Joe C. HolzerHighlights Houston Association of Legal Secretaries
September 27, 1999
Published in Highlights Houston Association of Legal Secretaries, September October 1999, Vol.43, No. 3.
Joe C. Holzer (P.C.), Andrews & Kurth L.L.P., Houston Office, born Los Angeles, California, 1951; admitted to bar 1976, Texas; United States District Court for the Southern District of Texas; United States Court of Appeals for the Fifth Circuit. Education: University of California (B.A., 1973); University of Houston (J.D., 1976).
In the 1970s lawyers focused on the testimony of witnesses in preparing and trying lawsuits. In the 1980s the trickle of paper discovery soon became a flood of paper, resulting in an entirely new industry of document copying firms.

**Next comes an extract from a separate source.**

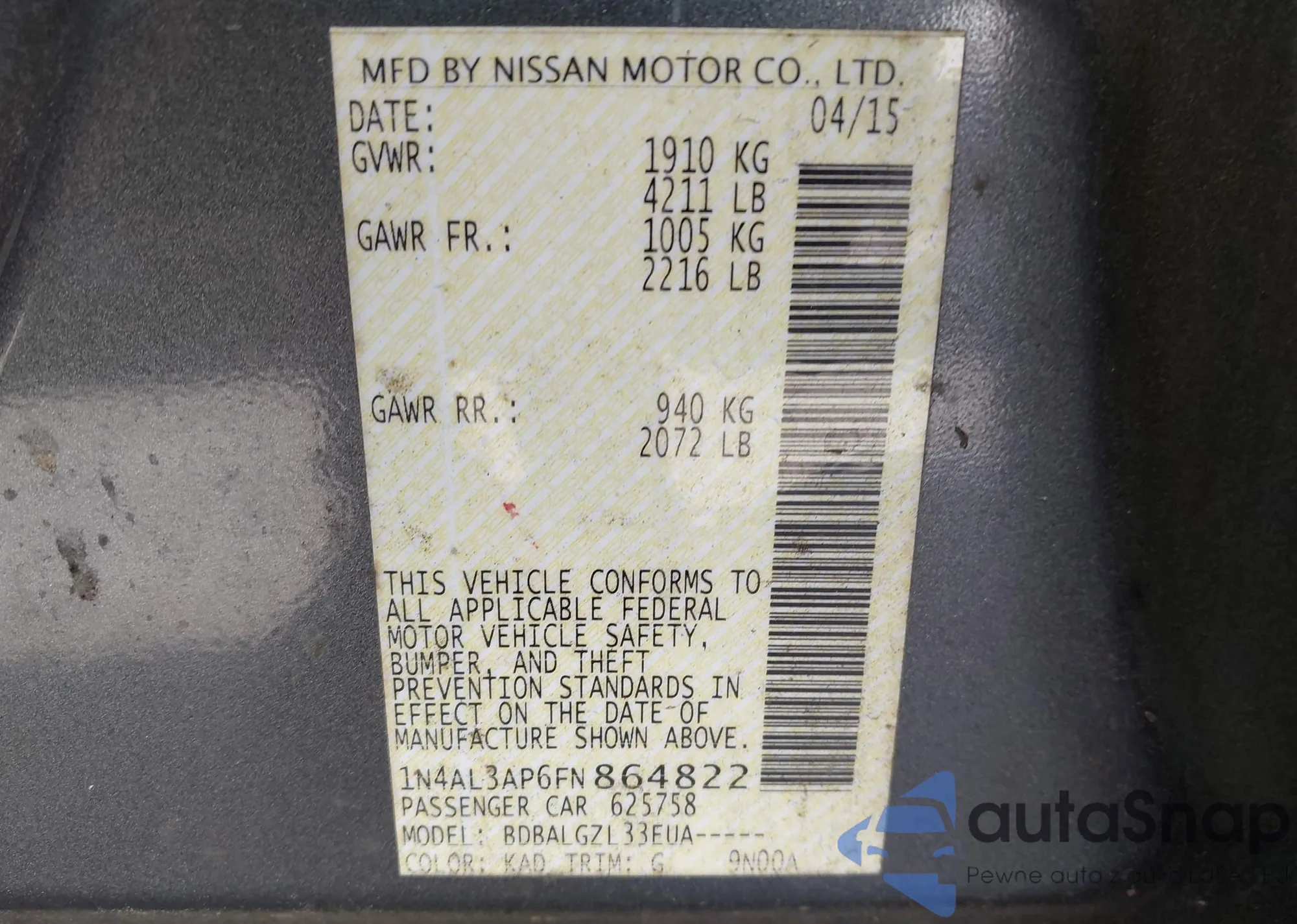 VIN: 1N4AL3AP6FN864822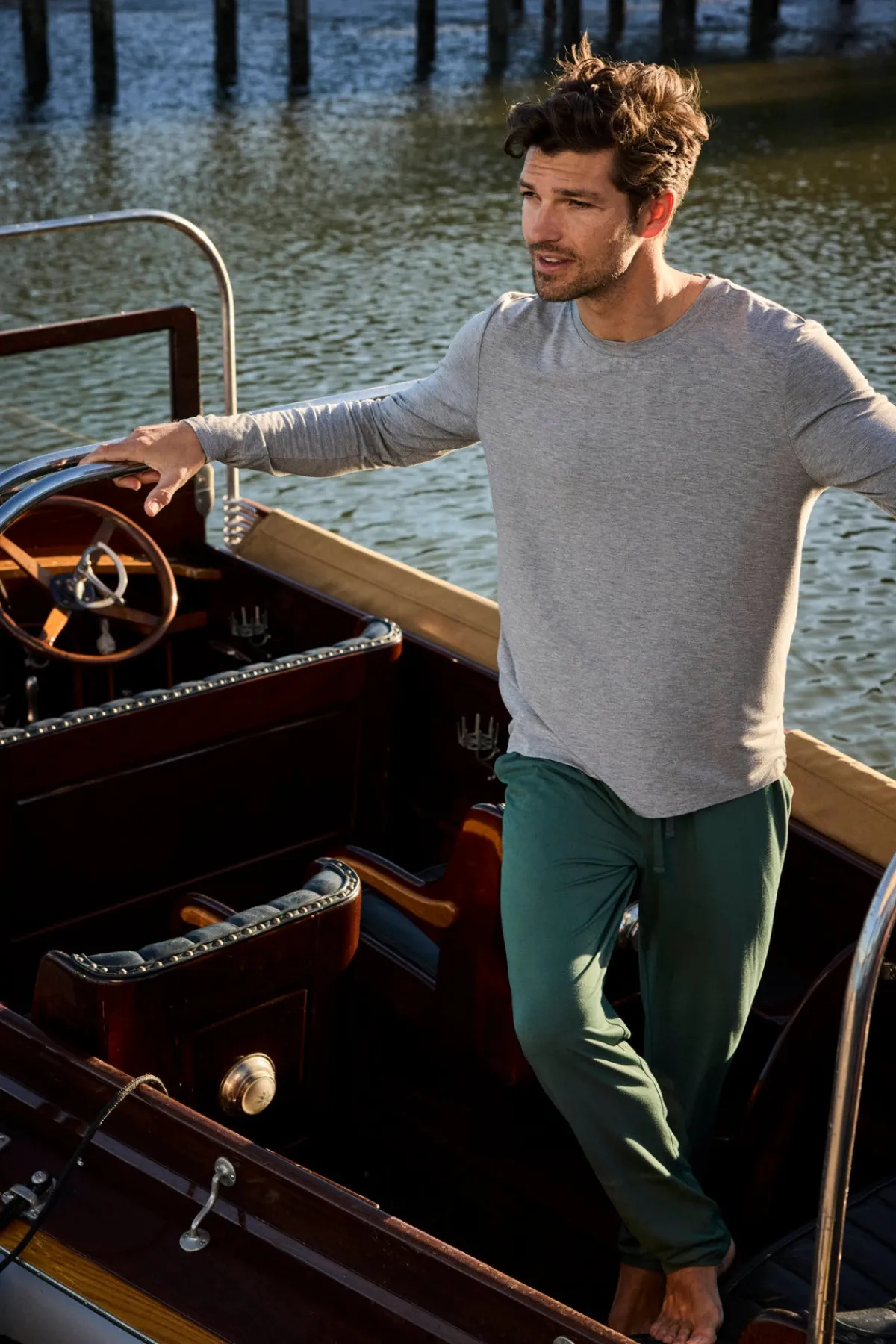 The Mens Long Sleeve Bamboo Tee in Heather Gray is ideal for a nightcap before bed and weekends on the boat. Made from 95% bamboo and 5% spandex.

This trend continued into the courtroom over the production of documents. Complex cases, and sometimes even simple cases, routinely involved the production of tens of thousands and even hundreds of thousands of pages of documents. Just to keep track of these documents, database software had to be developed. The decade commencing in the year 2000 will see a similar trend in the expansive production in court cases of electronic data consisting of e-mail and stored documents.
What will be the impact of this trend? Lawyers will likely see specific requests for production of the e-mail and other computer files of persons involved with the underlying facts of the case. Since e-mail fosters an informal style of communication, much like a telephone conversation, unless employees understand that their e-mail may be read to a judge and jury some day, the production of e-mail could cause unintended results in the courtroom. A telephone conversation is generally not documented, whereas e-mail, by its very nature, is well documented.
One of the better known examples of the use of internal e-mail against a party is the antitrust case filed against Microsoft by the United States. Much of the government's case has been built upon internal Microsoft e-mail—the authors of which never intended their e-mail and the thoughts contained in the e-mail to be publicized in that fashion.
Given the uncontrolled spread of e-mail, what should a company do? The first thing is that employees should know that their e-mail can be—and at some time probably will be—subject to discovery. Any statements made in e-mail could be subject to extensive postmortem review by lawyers in the event that disaster strikes and a lawsuit is filed. Even if a company has a deletion policy relating to e-mail, employees should assume that a recipient has either saved or printed the e-mail and kept a hard copy. An e-mail deletion policy should be in place, although it is never safe to assume that just because an e-mail file has been deleted that it cannot be discovered by any other means. Many files are automatically archived, and a deletion is not really a deletion until it has been overwritten by other data or information.
The same general advice applied to files that are stored electronically. All of these are fair game in a request for production. Again, if an employee would cringe at the thought of his/her files being scrutinized by opposing counsel, a jury, and the judge, then the employee should think twice about creating the file in the first instance. This is easier said than done, of course, especially when the employee is thinking of getting an edge on the competition or closing a deal.